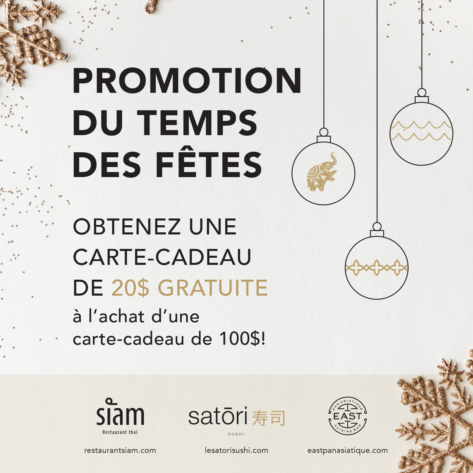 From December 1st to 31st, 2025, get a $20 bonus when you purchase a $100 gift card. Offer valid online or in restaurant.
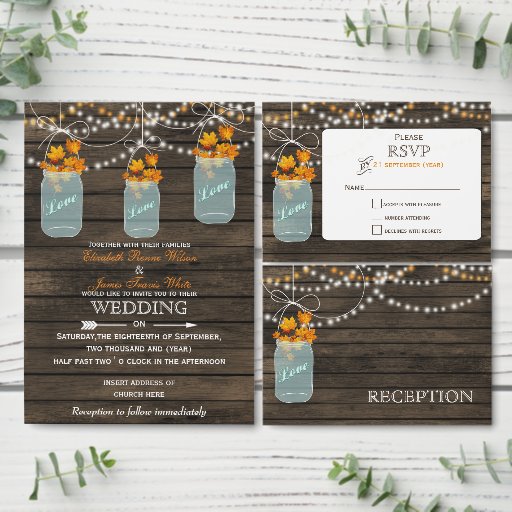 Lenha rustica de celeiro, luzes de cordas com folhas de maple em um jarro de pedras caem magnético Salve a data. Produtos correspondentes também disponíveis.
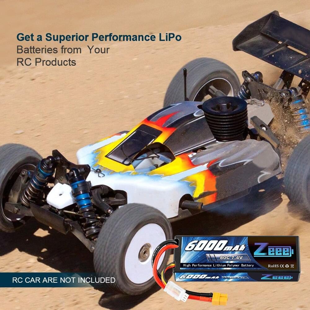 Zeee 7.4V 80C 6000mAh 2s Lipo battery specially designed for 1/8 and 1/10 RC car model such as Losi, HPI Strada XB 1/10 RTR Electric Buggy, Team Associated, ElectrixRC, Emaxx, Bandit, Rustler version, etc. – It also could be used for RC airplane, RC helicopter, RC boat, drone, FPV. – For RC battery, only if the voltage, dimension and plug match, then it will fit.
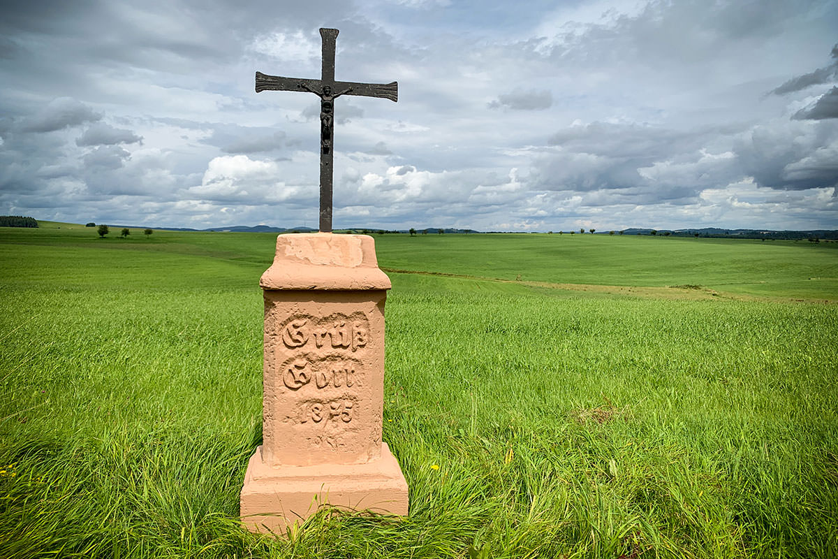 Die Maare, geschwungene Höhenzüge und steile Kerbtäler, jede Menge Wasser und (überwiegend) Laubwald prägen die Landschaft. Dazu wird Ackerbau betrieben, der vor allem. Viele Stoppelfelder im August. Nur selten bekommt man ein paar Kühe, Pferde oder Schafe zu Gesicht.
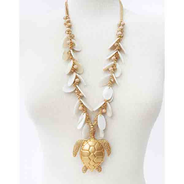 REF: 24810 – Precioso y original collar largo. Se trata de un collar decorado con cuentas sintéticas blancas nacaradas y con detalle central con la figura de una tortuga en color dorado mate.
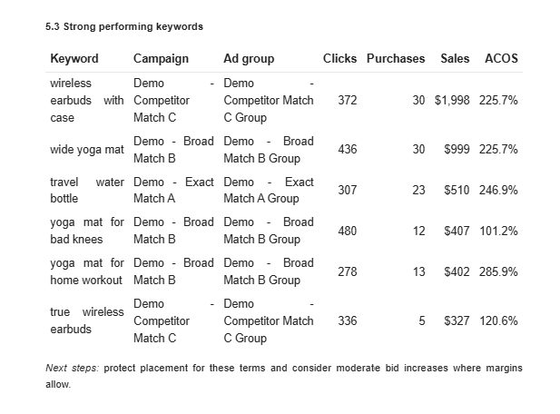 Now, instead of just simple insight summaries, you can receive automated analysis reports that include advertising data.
* * * * * * * * *
**Assignment:** Give the entries again exactly. Pictures stay out.

**Result of the exercise:**
 From December 1st to 31st, 2025, get a $20 bonus when you purchase a $100 gift card. Offer valid online or in restaurant.
 Lenha rustica de celeiro, luzes de cordas com folhas de maple em um jarro de pedras caem magnético Salve a data. Produtos correspondentes também disponíveis.
 Zeee 7.4V 80C 6000mAh 2s Lipo battery specially designed for 1/8 and 1/10 RC car model such as Losi, HPI Strada XB 1/10 RTR Electric Buggy, Team Associated, ElectrixRC, Emaxx, Bandit, Rustler version, etc. – It also could be used for RC airplane, RC helicopter, RC boat, drone, FPV. – For RC battery, only if the voltage, dimension and plug match, then it will fit.
 Die Maare, geschwungene Höhenzüge und steile Kerbtäler, jede Menge Wasser und (überwiegend) Laubwald prägen die Landschaft. Dazu wird Ackerbau betrieben, der vor allem. Viele Stoppelfelder im August. Nur selten bekommt man ein paar Kühe, Pferde oder Schafe zu Gesicht.
 REF: 24810 – Precioso y original collar largo. Se trata de un collar decorado con cuentas sintéticas blancas nacaradas y con detalle central con la figura de una tortuga en color dorado mate.
 Now, instead of just simple insight summaries, you can receive automated analysis reports that include advertising data.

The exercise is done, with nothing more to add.